When Dynamic Shapes API is Not Applicable

Several approaches to emulate dynamic shapes are considered in this article. Apply the following methods only if the native dynamic shape API does not work or does not perform as expected.

Padding

The model can be designed in a way that supports partially filled tensors. For the BERT model, use a special input to the model to mask out unused elements. Therefore, the model can be reshaped for some predefined big sequence length once and compiled once. Then, the input tensors are used only partially with a mask specifying valid tokens. This approach is called padding.

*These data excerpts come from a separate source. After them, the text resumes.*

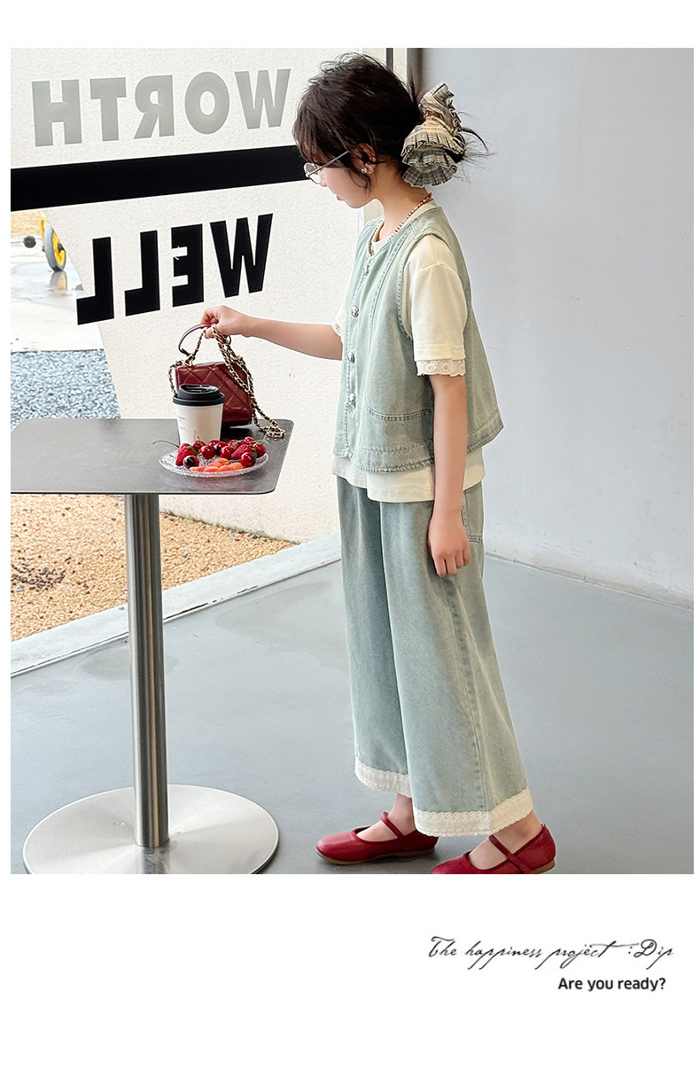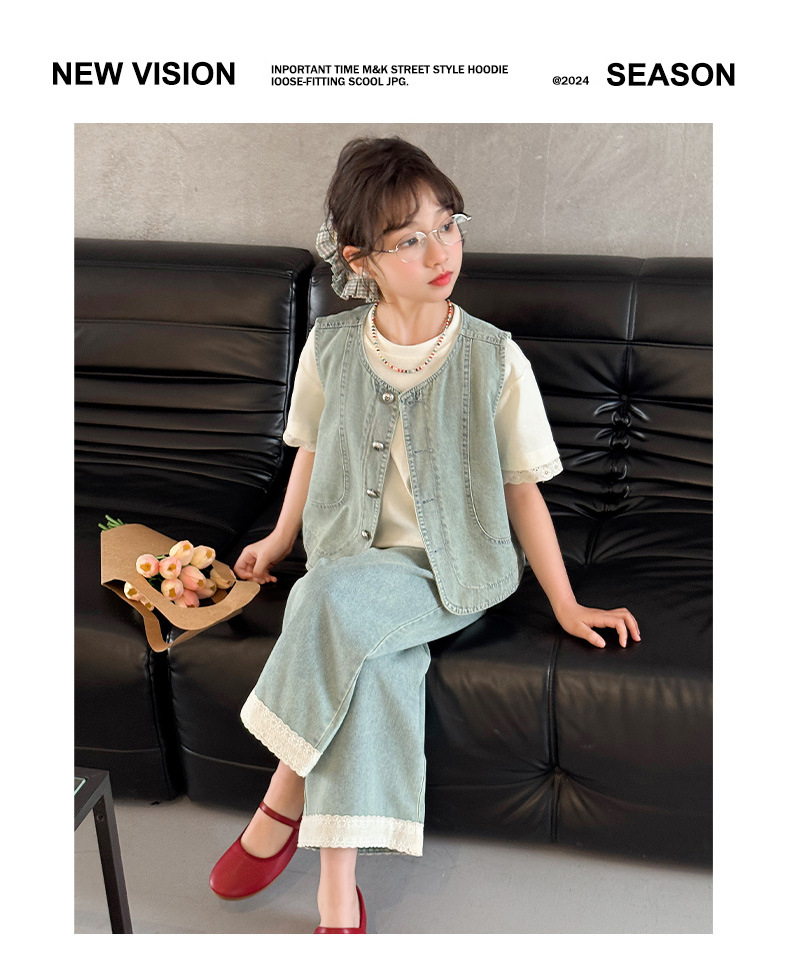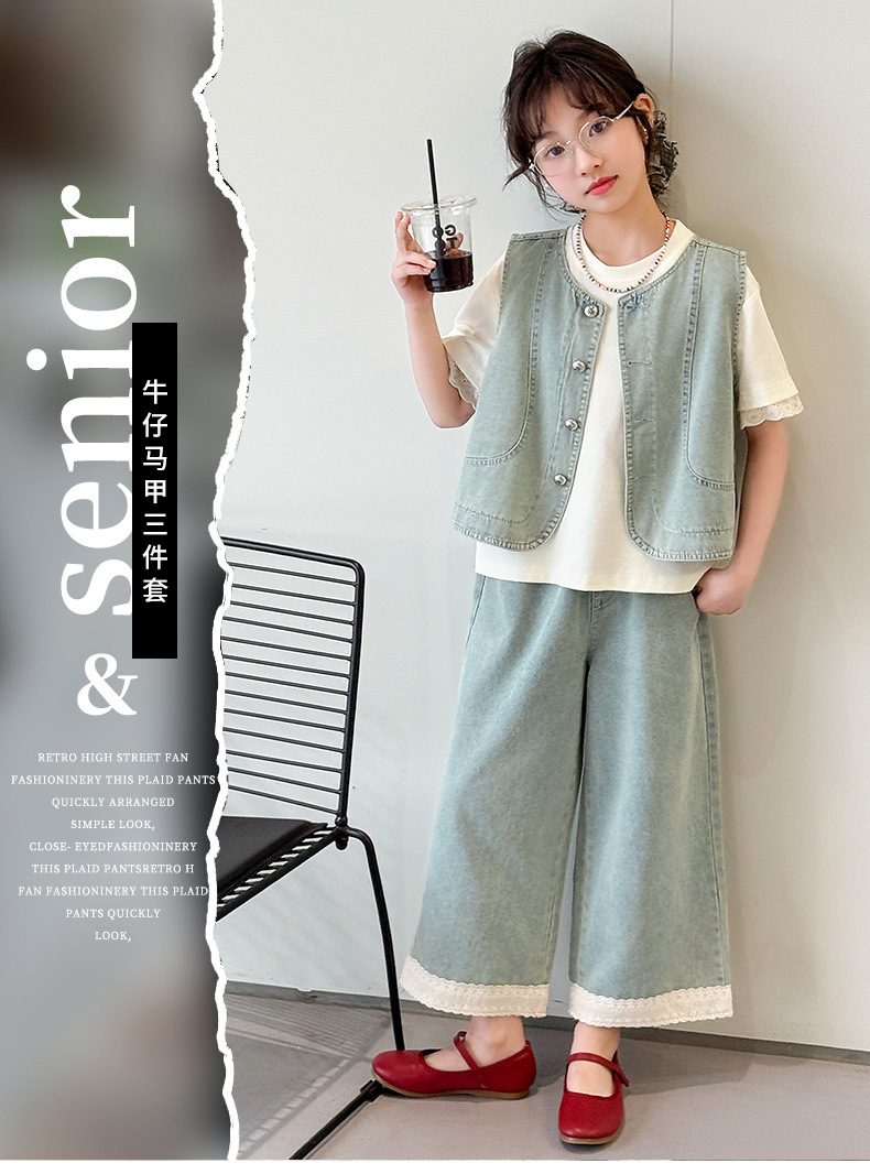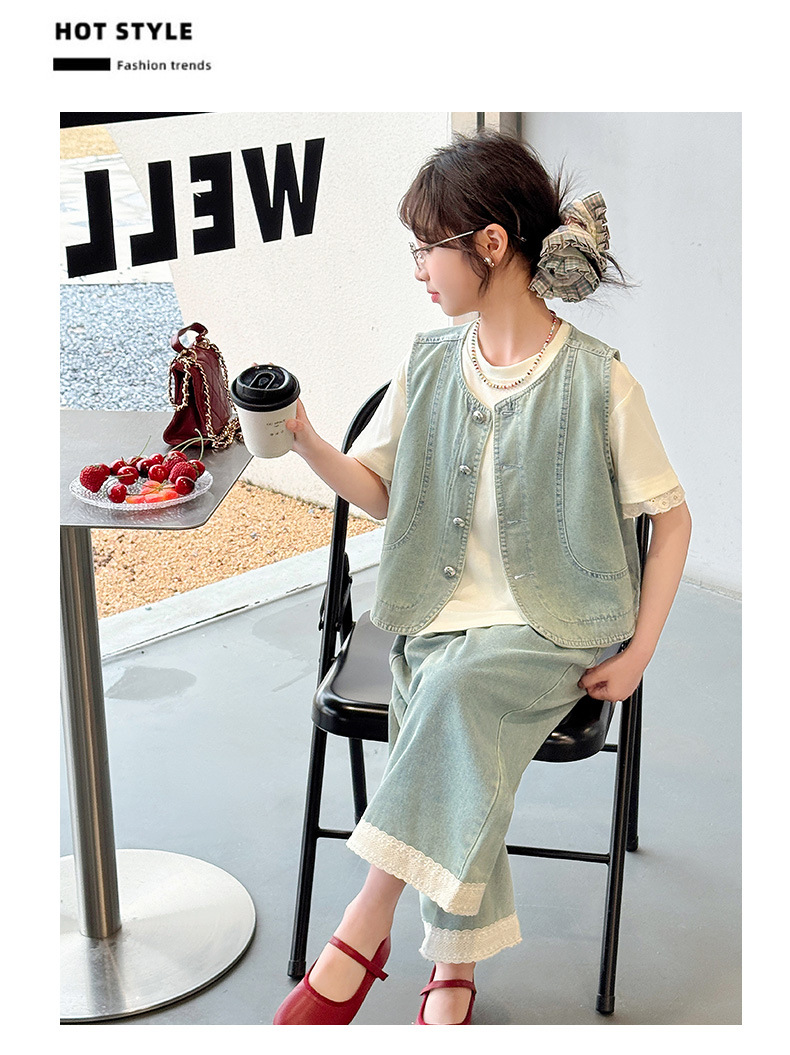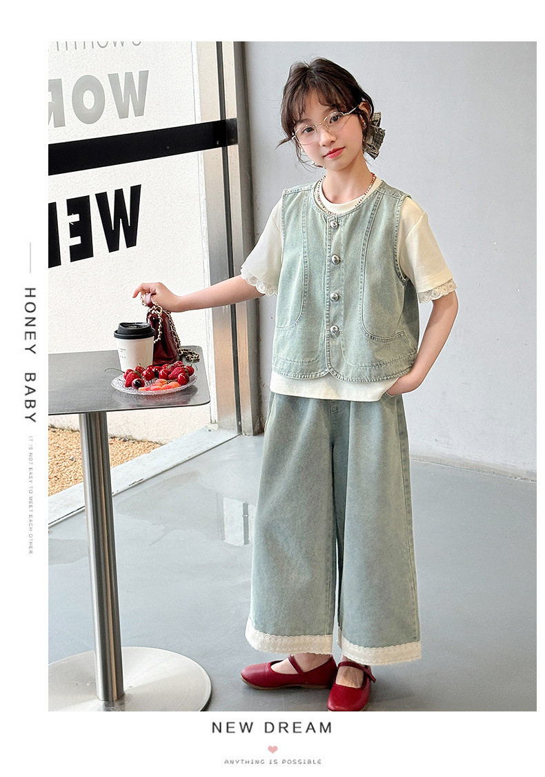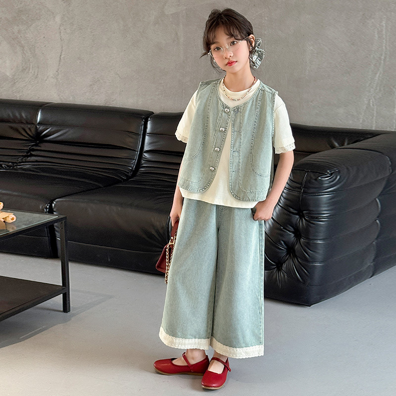 소녀 데님 조끼 세트 봄과 가을 2025 새로운 CUHK 어린이 여름 외국 스타일 짧은 소매 청바지 3 조각 세트
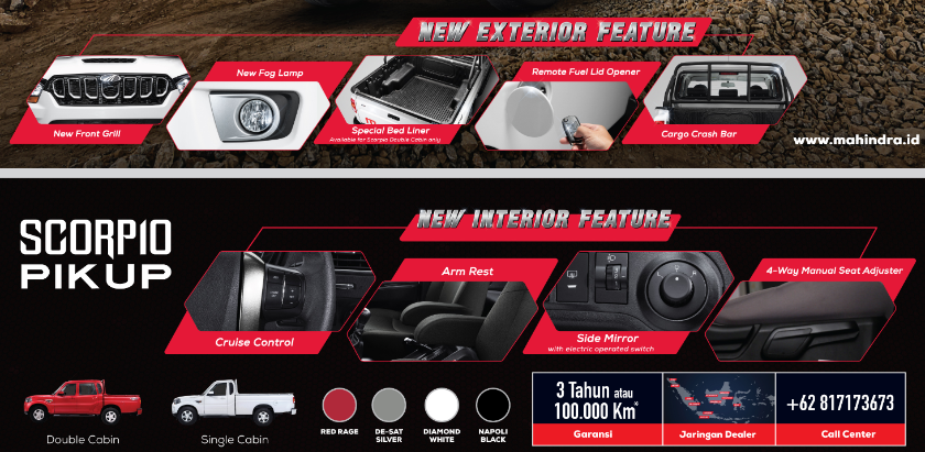 Jika melihat data spesifikasi dari laman web resmi Mahindra.id, kendaraan Mahindra Scorpio menawarkan dua varian yaitu Double Cabin dan Single Cabin, yang mempunyai fitur yang sama.
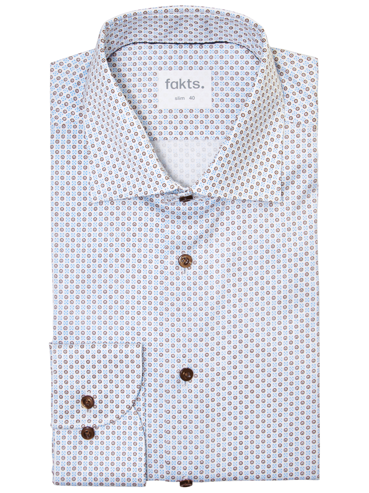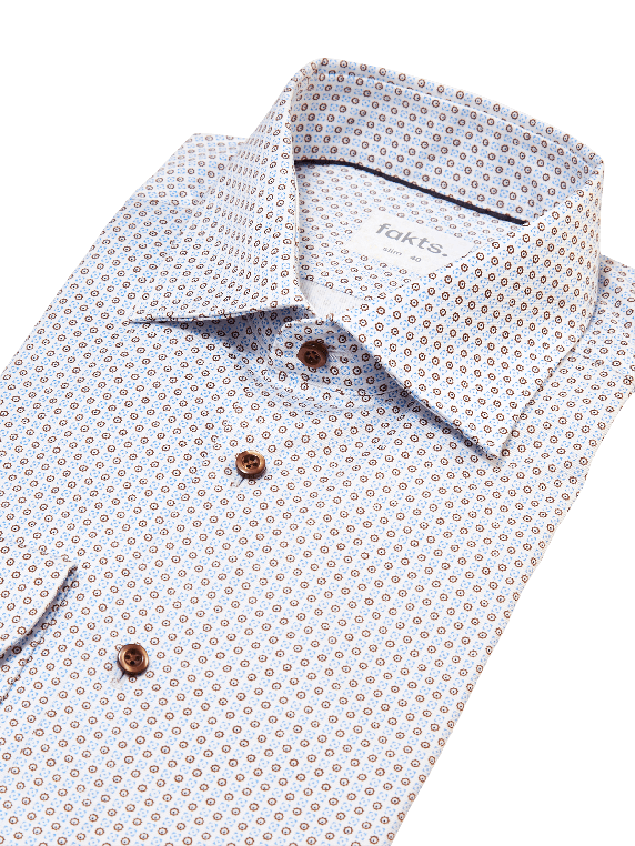 Dieses Fakts Shirt Modern Fit Busy ist ein aussergewöhnliches Herrenhemd im Retrostil, das wahlweise mit kleinteiligem Muster oder uni und mit auffällig dunklen Knöpfen in den Farben Brown Minimal, Blue Light Faux Uni oder White Uni erhältlich ist. Das bügelleichte Hemd ohne Tasche hat lange Arme und einen Kentkragen. Das Herrenhemd ist hochwertig aus Baumwolle mit einem geringen Anteil an Elasthan angefertigt.
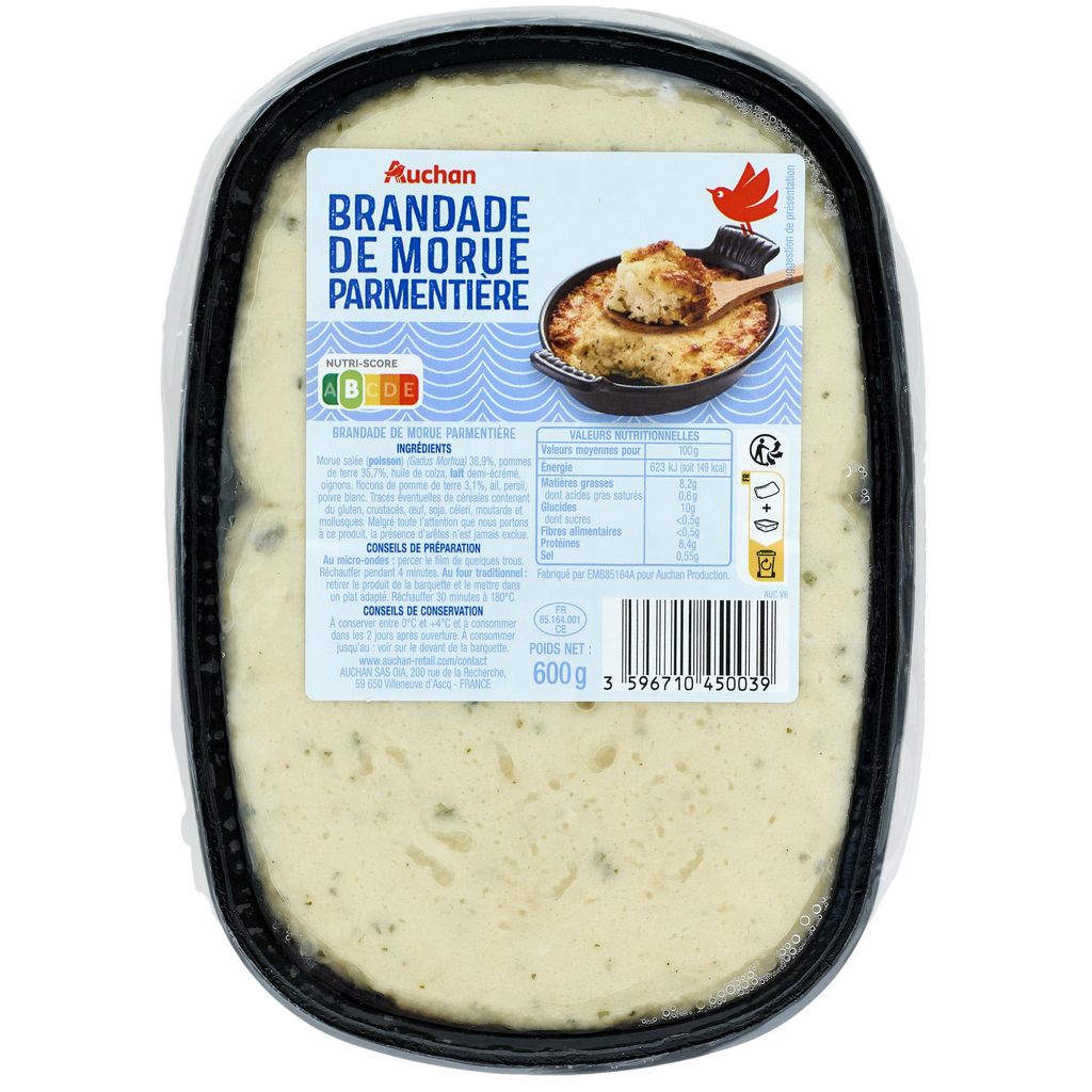 Ingrédients : Morue salée (POISSON) (Gadus Morhua) 38,9%, pommes de terre 35,7%, huile de colza, LAIT demi-écrémé, oignons, flocons de pomme de terre 3,1%, ail, persil, poivre blanc. Traces éventuelles de céréales contenant du gluten, crustacés, oeuf, soja, céleri, moutarde et mollusques.

However, padding is not applicable to every model and every use case. Be aware of the internals of the model before you apply padding. Otherwise, if the model is not designed to handle dummy elements gracefully in a padding area, the results of inference may be entirely scrambled, or accuracy significantly affected. The model can even crash during inference.

The main disadvantage of padding, apart from impacting developer experience, is poor performance. Even if the model is properly designed for padding, it is often designed in such a way that the time-consuming processing of dummy elements in the padded area still occurs, not affecting the end result but decreasing inference speed.

Multiple Pre-compiled Models

Another approach to handle arbitrary sized inputs is to pre-compile several models reshaped for different input shapes. This method works well if the number of different shapes is small enough to afford increased time for multiple reshapes and compilations as well as increased amount of consumed memory. As this method cannot be scaled well, it is used in combination with padding. Hence, the model with the most suitable input shape among pre-reshaped models is chosen. It gives a smaller padding area in comparison to a single model.

Dimension Partitioning

Another practical but still complicated approach is to divide the input tensor into multiple chunks along the dynamic dimension. For example, if there is a batch of independent inputs as a single tensor. If arbitrary division along batch dimension is possible, and it should be possible by the dimension purpose, run multiple inferences. Use the approach with several pre-compiled models, choosing sized inputs to have the minimum number of inferences, having a particular batch size in the input tensor.

For example, if there are models pre-compiled for batch sizes 1, 2, 4 and 8, the input tensor with batch 5 can be processed with two inference calls with batch size 1 and 4. (At this point, it is assumed that the batch processing is required for performance reasons. In other cases, just loop over images in a batch and process image by image with a single compiled model.)